OU bien... il y a... l'Orzo. Aucun italien ne vous proposera de "déca" (faut pas délirer non plus, es-tu fou, le café c'est le café, un italien buvant un déca serait un français mangeant un fromage défromagé.)
Mais l'Orzo est un café d'orge. L'orge est une céréale qui, comme la chicorée ou l'épeautre, peut servir de succédané de café. L'Orzo n'a pas un goût de chicorée, il est assez difficile à décrire : on sent un saveur légère, suave, un peu amère mais très douce, et l'ensemble constitue une boisson réconfortante et légère en même temps.
A la suite de mon premier voyage en Italie, j'ai cherché à en trouver en France, parce que le goût m'avait plu, et parce que cela constituait une solution naturelle, équilibrée, facile pour déguster une boisson chaude reconstituante sans boire trop de caféine. Sauf que...introuvable. (Esteban, Zia, Tao les cités d'Or(zo) perdues.) Dans les magasins bio, on peut trouver du café d'épeautre, soluble, un peu fade ; de la chicorée, ou, au mieux, d'un mélange de céréales mais jamais d'Orzo pur. Et ce qui est drôle; c'est que personne ne connaît ici cette boisson tellement commune au-delà des alpes!
J'en viens à mon histoire. 


{Mon histoire, en poudre, non-soluble..}

 



 

Elle a pour cadre la jolie ville de Florence

Dorian et moi venions de prendre un drôle de déjeuner dans un café qui n'en était pas vraiment un. Il est tenu par une vieille dame qui fait des petits plats totalement bios, qui vit seule apparemment, et qui propose simplement quelques parts de grands classiques rapides (un cake, un gâteau à la tomate, une tarte au riz...) qu'elle fait elle-même au jour le jour, juste servis dans ses propres assiettes, avec un grand verre de lait entier bio dont elle est très fière et qui fait toute sa réputation.
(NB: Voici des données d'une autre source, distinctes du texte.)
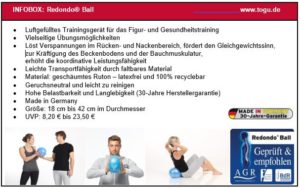 Mit dem TOGU® Redondo® Ball bekommt der sportliche Nutzer für wenig Geld ein simples und doch geniales Trainingsgerät. Der luftgefüllte Gymnastikball mit griffig softweicher Oberfläche ist die ideale Unterstützung beim Figur- und Gesundheitstraining. Bereits in mehreren Größen und wahlweise mit oder ohne Noppen erhältlich, eignet sich der Redondo® Ball sowohl für Übungen im Sitzen, Knien als auch im Stehen. Besonders beliebt ist der sportliche Allrounder auch beim Beckenboden- und Bauchmuskeltraining. Als dynamische Stützfläche bedingt er minimale Ausgleichsbewegungen bei denen tiefliegende, oft wenig beanspruchte Muskelpartien arbeiten. Dadurch werden das Gleichgewicht und die Reflexe geschult, der Körper erlangt Stabilität und wird koordinativ leistungsfähiger. Geprüft und empfohlen vom Forum Gesunder Rücken – besser leben e.V. und dem Bundesverband der deutschen Rückenschulen (BdR) e.V. hilft der Redondo® Ball zudem durch gezielte Übungen den Nacken- und Rückenbereich zu stärken. Das faltbare Trainingsgerät eignet sich durch seine hohe Belastbarkeit und leichte Transportfähigkeit sowohl für die kurze Fitnesseinlage zwischendurch als auch für längere Sportsessions. In den meisten Pilates- und Gymnastikkursen ist der TOGU®-Klassiker bereits zur Standardausrüstung avanciert. Der günstige Preis und die leichte Handhabung machen ihn aber auch zum idealen Sportgerät für das Training zu Hause.

Il n 'y avait personne d'autre que nous dans son curieux magasin qui regroupait trois tables dans quelques mètres carrés, et un comptoir sur lequel il y avait des petits pains aux pommes et des généreuses parts de flan au chocolat.
Pour finir ce curieux repas où nous nous sentions un peu observés et au cours duquel nous nous sommes dit que de telles expériences nous laisseraient des souvenirs, mon amoureux demanda donc un fameux lait entier saupoudré de cannelle (et avec une grosse couche de mousse de lait sur le dessus...) et, pour ma part, je demandai un Orzo, qui figurait griffonné en majuscules sur son ardoise à craie. Elle m'expliqua dans un italien un peu rapide pour mes pauvres notions qu'elle devait repartir dans sa cuisine pour me le préparer. Je m'interrogeai un peu mais attendis ma petite boisson pleine d'une confiance dont je me départis rarement.
Quelques minutes après, revoilà notre petite mamie italienne, le dos vouté dans sa vieille robe, qui m'apporte une grande tasse pleine d'un beau liquide noir fumant. Je le goûte....Il s'agissait du meilleur Orzo qu'il m'ait été donné de déguster, toute zozo que je suis. Vraiment, délicieux, plein de goût, presque fort dans sa douceur : si cet oxymore pouvait avoir un sens, je vous assure qu'il conviendrait parfaitement à ce délice. Ni une, ni deux, intrépide, telle Alexandre à la conquête de l'Orient, j'attrape le regard de notre mamma au vol, et je lui demande, dans mon italien maladroit, comment elle l'a fait, parce qu'il est bon. Quelle ne fut pas ma surprise de la voir s'énerver (et une vieille florentine qui s'énerve, c'est un peu effrayant, je vous le garantis pour tout l'or(zo) du monde), et me questionner dans un italien de plus en plus rapide, me dire "comment ça, comment j'ai fait, hè, (les italiens ont ce tic charmant de dire un hè, bref, fort, venant de la gorge, ce qui me fait beaucoup rire, si tant est que la circonstance me le permît, ce qui n'était pas le cas), "comme on le fait d'habitude, comme l'Orzo se fait, quelle question", et plein d'autres choses que je ne comprenais pas. En tout cas, je sentais qu'elle me prenait pour la dernière des demeurées, qu'elle me le signifiait bien, et qu'elle se disait que c'était bien la première et la dernière fois qu'elle laissait entrer chez elle une touriste imbécile qui lui demandait comment on presse une orange. 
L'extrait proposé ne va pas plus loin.